The following ratings changes were generated on Thursday, March 5.

We've downgraded footwear retailer Brown Shoe ( BWS) from hold to sell, driven by its deteriorating net income, disappointing return on equity, weak operating cash flow, generally weak debt management and generally disappointing historical performance in the stock itself.

Net income fell to -$153.1 million in the most recent quarter from $14 million in the same quarter last year, significantly underperforming the S&P 500 and the specialty retail industry. Return on equity also greatly decreased, a signal of major weakness within the corporation. Net operating cash flow significantly decreased to -$7.2 million, underperforming the industry average. Brown Shoe's debt-to-equity ratio of 0.7 is somewhat low overall but is high compared with the industry average.

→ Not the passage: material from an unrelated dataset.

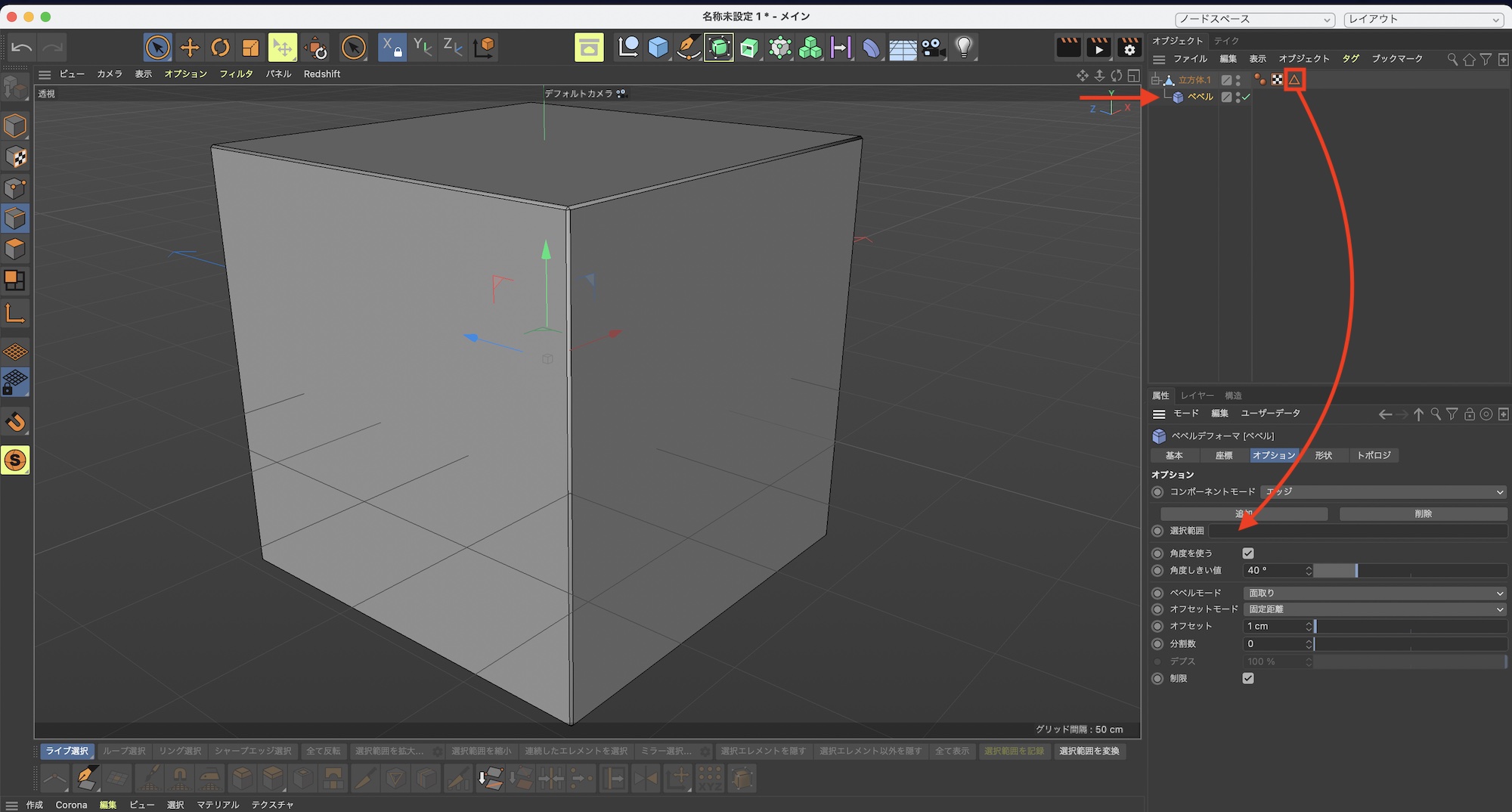 ベベルデフォーマはオブジェクトを編集可能にせずとも利用できますが、特定のエッジにベベルを適用させる場合はオブジェクトを編集可能にする必要があるので、基本的にオブジェクトを変換し、ある程度のモデリングを完了した最後のステップとしてベベルを追加することをオススメします。

Its quick ratio of 0.5 is very low, demonstrating weak liquidity.

Shares have tumbled by 78.4% over the year, underperforming the S&P 500, and EPS are down 1,215.2% compared with the year-earlier quarter. Naturally, the overall market trend is bound to be a significant factor, and in one sense, the stock's sharp decline last year is a positive for future investors, making it cheaper (in proportion to its earnings over the past year) than most other stocks in its industry. But due to other concerns, we feel the stock is still not a good buy right now.

We've downgraded ConocoPhillips ( COP) from hold to sell, driven by its deteriorating net income, disappointing return on equity, poor profit margins, weak operating cash flow and generally weak debt management.